== Work item ==
From the records below, copy out exactly the lines from the one containing "그리고 각각의 객체의" to the one containing "Переходник двойник Perfeo", both included. Add nothing else.

== Supplied material ==

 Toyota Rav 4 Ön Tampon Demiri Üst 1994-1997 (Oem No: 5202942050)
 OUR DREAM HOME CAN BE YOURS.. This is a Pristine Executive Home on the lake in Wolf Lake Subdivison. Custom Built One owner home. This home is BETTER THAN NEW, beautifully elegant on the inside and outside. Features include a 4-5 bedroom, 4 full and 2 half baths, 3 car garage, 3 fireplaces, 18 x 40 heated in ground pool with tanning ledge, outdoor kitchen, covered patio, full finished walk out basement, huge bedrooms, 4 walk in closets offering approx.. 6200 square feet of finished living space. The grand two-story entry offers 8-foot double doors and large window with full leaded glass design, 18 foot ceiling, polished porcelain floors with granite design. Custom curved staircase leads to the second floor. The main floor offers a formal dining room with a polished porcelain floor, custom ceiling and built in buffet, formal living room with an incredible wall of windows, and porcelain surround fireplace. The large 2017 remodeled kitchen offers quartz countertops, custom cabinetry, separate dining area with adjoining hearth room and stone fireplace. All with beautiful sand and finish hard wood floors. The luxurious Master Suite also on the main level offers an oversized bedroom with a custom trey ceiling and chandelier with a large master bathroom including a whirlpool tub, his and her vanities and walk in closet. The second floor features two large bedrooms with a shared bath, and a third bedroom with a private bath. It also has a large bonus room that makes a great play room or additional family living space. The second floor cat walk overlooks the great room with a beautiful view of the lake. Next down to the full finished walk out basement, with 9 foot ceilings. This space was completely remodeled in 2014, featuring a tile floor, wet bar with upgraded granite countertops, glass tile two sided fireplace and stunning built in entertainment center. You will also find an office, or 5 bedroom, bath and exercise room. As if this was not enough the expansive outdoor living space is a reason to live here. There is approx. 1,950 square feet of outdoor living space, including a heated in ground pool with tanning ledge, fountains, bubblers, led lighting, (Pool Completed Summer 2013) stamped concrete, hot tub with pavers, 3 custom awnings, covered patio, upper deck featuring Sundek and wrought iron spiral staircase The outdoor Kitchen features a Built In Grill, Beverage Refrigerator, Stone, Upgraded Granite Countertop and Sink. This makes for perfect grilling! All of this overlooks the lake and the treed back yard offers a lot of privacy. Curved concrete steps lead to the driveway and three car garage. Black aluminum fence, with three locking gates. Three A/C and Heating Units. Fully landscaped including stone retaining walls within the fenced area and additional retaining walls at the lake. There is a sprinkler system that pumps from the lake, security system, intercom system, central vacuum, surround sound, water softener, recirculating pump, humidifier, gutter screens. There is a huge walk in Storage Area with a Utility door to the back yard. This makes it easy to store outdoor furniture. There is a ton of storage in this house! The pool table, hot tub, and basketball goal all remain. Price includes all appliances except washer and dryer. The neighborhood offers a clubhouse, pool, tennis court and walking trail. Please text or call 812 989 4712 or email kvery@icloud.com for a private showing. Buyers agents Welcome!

==

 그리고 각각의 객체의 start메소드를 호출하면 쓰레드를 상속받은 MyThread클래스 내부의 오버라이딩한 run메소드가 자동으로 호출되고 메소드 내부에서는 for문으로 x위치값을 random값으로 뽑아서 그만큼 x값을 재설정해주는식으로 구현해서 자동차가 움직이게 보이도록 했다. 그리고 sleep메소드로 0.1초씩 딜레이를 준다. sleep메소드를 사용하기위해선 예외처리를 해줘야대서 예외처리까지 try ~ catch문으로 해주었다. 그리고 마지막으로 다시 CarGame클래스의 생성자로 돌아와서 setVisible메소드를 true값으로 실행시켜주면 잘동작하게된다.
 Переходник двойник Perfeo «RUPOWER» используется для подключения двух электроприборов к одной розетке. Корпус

== Problem solution ==
 그리고 각각의 객체의 start메소드를 호출하면 쓰레드를 상속받은 MyThread클래스 내부의 오버라이딩한 run메소드가 자동으로 호출되고 메소드 내부에서는 for문으로 x위치값을 random값으로 뽑아서 그만큼 x값을 재설정해주는식으로 구현해서 자동차가 움직이게 보이도록 했다. 그리고 sleep메소드로 0.1초씩 딜레이를 준다. sleep메소드를 사용하기위해선 예외처리를 해줘야대서 예외처리까지 try ~ catch문으로 해주었다. 그리고 마지막으로 다시 CarGame클래스의 생성자로 돌아와서 setVisible메소드를 true값으로 실행시켜주면 잘동작하게된다.
 Переходник двойник Perfeo «RUPOWER» используется для подключения двух электроприборов к одной розетке. Корпус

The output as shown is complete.